# EXERCISE GOAL
Please, from the entries below, transcribe exactly the lines that begin at the line with "This stunning mini" and end at the line with "Plough bolt", without the pictures.

# DATA FOR THIS TASK

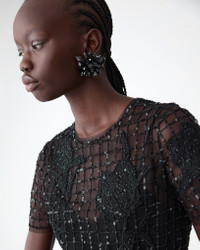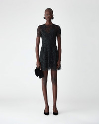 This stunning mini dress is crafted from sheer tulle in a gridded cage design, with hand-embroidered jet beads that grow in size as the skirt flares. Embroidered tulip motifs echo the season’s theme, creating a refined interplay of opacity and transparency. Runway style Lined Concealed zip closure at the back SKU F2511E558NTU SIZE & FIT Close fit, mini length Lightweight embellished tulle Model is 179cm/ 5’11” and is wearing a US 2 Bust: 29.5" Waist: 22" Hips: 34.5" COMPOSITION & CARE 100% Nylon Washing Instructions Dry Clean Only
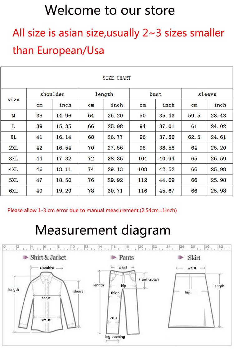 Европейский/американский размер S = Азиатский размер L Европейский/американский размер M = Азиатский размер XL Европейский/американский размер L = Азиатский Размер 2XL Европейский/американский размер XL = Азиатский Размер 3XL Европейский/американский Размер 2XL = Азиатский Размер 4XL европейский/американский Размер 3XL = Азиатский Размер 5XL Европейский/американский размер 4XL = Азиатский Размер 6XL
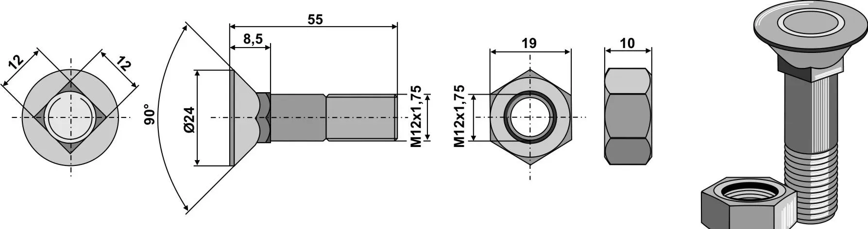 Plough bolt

--

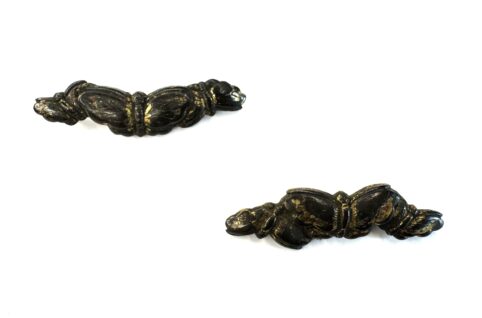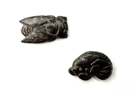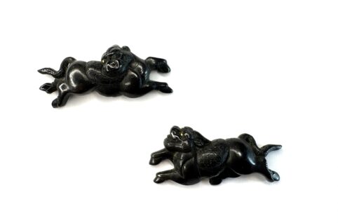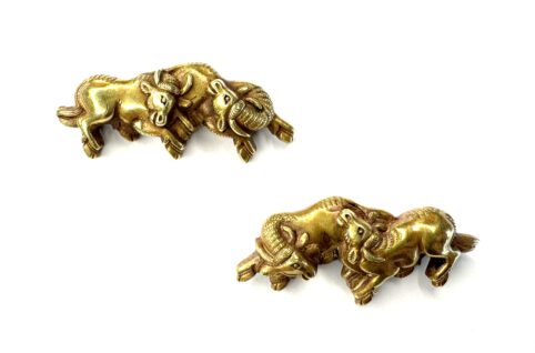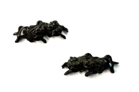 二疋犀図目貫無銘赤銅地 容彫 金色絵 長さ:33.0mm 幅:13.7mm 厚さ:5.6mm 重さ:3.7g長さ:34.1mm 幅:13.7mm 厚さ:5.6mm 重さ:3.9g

# RESPONSE AREA
 This stunning mini dress is crafted from sheer tulle in a gridded cage design, with hand-embroidered jet beads that grow in size as the skirt flares. Embroidered tulip motifs echo the season’s theme, creating a refined interplay of opacity and transparency. Runway style Lined Concealed zip closure at the back SKU F2511E558NTU SIZE & FIT Close fit, mini length Lightweight embellished tulle Model is 179cm/ 5’11” and is wearing a US 2 Bust: 29.5" Waist: 22" Hips: 34.5" COMPOSITION & CARE 100% Nylon Washing Instructions Dry Clean Only
 Европейский/американский размер S = Азиатский размер L Европейский/американский размер M = Азиатский размер XL Европейский/американский размер L = Азиатский Размер 2XL Европейский/американский размер XL = Азиатский Размер 3XL Европейский/американский Размер 2XL = Азиатский Размер 4XL европейский/американский Размер 3XL = Азиатский Размер 5XL Европейский/американский размер 4XL = Азиатский Размер 6XL
 Plough bolt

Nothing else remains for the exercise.